It might sound like the premise for a murder mystery involving stolen identity, however when renowned journalist, Cahalan, was overtaken with a mysterious illness, that is precisely what ensued. It started with seizures, rapidly, suddenly, then strange fleeting moments of outer-body experiences, thrilling highs and bursts of tears. Nobody understood what was going on. For the rest of her life, Cahalan was an ordinary person. Throughout the onset of her symptoms, she was diagnosed with everything from excessive alcohol consumption to bipolar disorder.

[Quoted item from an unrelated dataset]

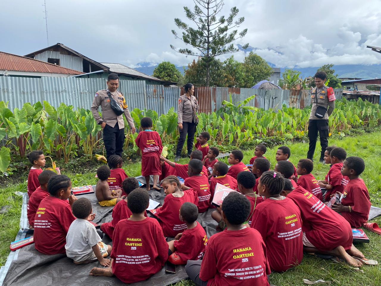 Jayawijaya – Satgas SI-IPAR Polres Jayawijaya kembali melaksanakan kegiatan “Polisi Pi Ajar” sebagai bagian dari komitmen Polri dalam mendukung pendidikan anak-anak putus sekolah di Kabupaten Jayawijaya. Kegiatan berlangsung di halaman rumah warga atas nama Bapak Fredi Wenda, Jalan Bhayangkara, Jayawijaya. Kamis, (20/11) Siang.

The severity of these symptoms soon rose though, and she was confined to a hospital for a month, leaver her with only the vaguest of memories from that time: videos revealed her psychotic nature, doctors reports highlighting her inadequacy at even speaking. This breathtaking book takes  us through Cahalan’s shocking journey, revealing every aspect from her family’s grit and support, to the doctor who saved her life when many had abandoned her.

The style and fluency of this is outstanding. The way Cahalan illustrates the finer details is truly absorbing, with the balance between detail and factuality struck ideally. Of course, this shouldn’t be too much of a surprise as she is a journalist, but still you shouldn’t take eloquence for granted.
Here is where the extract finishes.